Repairing bridges, reaffirming alliances

Rubio’s visit underscores the importance of the US-India partnership. Whether his words will translate into sustained and concrete commitments remains to be seen
Diplomacy is the deliberate act of rebuilding trust. That is precisely what Marco Rubio’s four-day visit to India, which began on May 23, represents: an urgent and necessary mission to stabilise Indo-US relations that have gone through a difficult phase, as the Trump administration indulged in a series of actions that damaged the relationship, to say the least.
When a senior American diplomat arrives in India carrying a White House dinner invitation in one hand and an energy sales pitch in the other, the message is difficult to misread. Secretary of State Marco Rubio’s four-day visit to India this week - covering Kolkata, Agra, Jaipur, and New Delhi - is, at its core, a damage-control exercise dressed up as strategic engagement. Washington needs New Delhi more than the optics suggest, and both sides are aware of it.
The agenda was, on paper, straightforward. Rubio was expected to discuss energy security, trade, and defence cooperation with senior Indian officials. Underlying all of it, however, was the more difficult task of rebuilding trust. Relations between the two countries have entered one of their most difficult phases in over two decades, strained by punitive tariffs and disagreements involving Pakistan, Russia, China, and regional security policy.
The immediate causes of that deficit are well known. Donald Trump imposed 50 per cent tariffs on India - ostensibly because of its purchase of Russian oil and arms. Then came the India-Pakistan military confrontation, after which Pakistan adopted a position opposite to India’s, praising Trump’s role in ensuring the ceasefire and even nominating him for the Nobel Peace Prize. The optics of Rubio’s visit were, therefore, carefully curated. Beginning in Kolkata with a visit to the Missionaries of Charity - Mother Teresa’s organisation - before proceeding to the architectural grandeur of Agra and Jaipur, and finally meeting Narendra Modi in New Delhi, conveyed a message of warmth and civilisational respect. The White House invitation delivered through Rubio to Modi added a further personal touch.

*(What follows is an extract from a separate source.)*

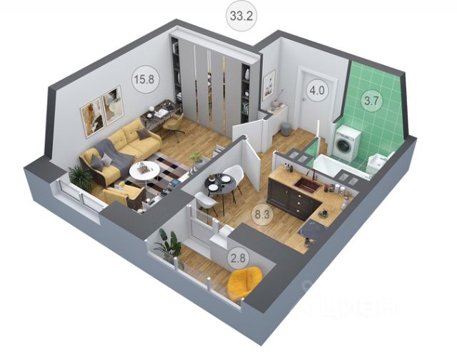 Продаётся 1-комнатная квартира в сданном доме (Маяковского, 45 (Позиция 4 (3 очередь))), срок сдачи: IV-кв. 2023, общей площадью 33.3 кв.м., на 1 этаже. Новый жилой комплекс "Славяноград" от Специализированного застройщика "ЖБИ-ЖИЛСТРОЙ 36" расположен в г. Семилуки Воронежской области на ул. Маяковского.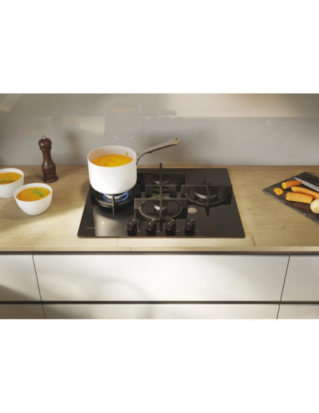 Moderna gás em vidro As placas Moderna Gas on Glass são concebidas para pessoas que adoram um design moderno e inovador capaz de combinar com todos os estilos de cozinha. Gás sobre placa de vidro proporciona um toque de elegância aliado a uma grande durabilidade e elevado nível de desempenho. O vidro temperado proporciona uma resistência única a riscos e abrasivos, tornando este produto incrivelmente durável ao longo do tempo. Ótima transmissão de calor O ferro fundido é um material muito apreciado porque garante uma melhor transmissão de calor, uma excelente resistência também às mais elevadas temperaturas e durabilidade. Uma solução que torna a sua cozinha um espaço profissional. Pare de lavar os suportes à mão Pare de perder tempo a lava(...)

On substance, energy was the centrepiece. Rubio pressed the case for American energy exports, telling Modi that US supplies could help diversify India’s energy mix - a pointed nudge away from Russian oil, framed diplomatically as diversification rather than pressure. The two sides also deliberated on the West Asia crisis and its economic implications, particularly on energy supplies, with India being especially affected by the effective closure of the Strait of Hormuz.

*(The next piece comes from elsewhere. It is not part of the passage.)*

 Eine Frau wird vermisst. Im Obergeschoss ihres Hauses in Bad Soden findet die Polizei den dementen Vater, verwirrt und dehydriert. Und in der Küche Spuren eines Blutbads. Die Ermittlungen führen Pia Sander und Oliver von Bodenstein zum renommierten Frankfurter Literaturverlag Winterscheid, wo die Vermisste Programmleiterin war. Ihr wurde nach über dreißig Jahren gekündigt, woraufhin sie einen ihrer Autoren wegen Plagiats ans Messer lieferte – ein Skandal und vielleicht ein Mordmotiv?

Strategically, the Quad ministerial meeting on May 26 gave the visit its institutional anchor. Rubio’s meeting with Quad leaders will be viewed as a sign of the United States reaffirming its commitment to the Indo-Pacific region - and as a reminder to Beijing that Washington’s apparent pivot towards Pakistan has not come at India’s expense, even if New Delhi remains unconvinced.
The fundamentals of the US-India relationship remain intact. But goodwill is not an inexhaustible resource. Rubio’s visit was a beginning, not a settlement.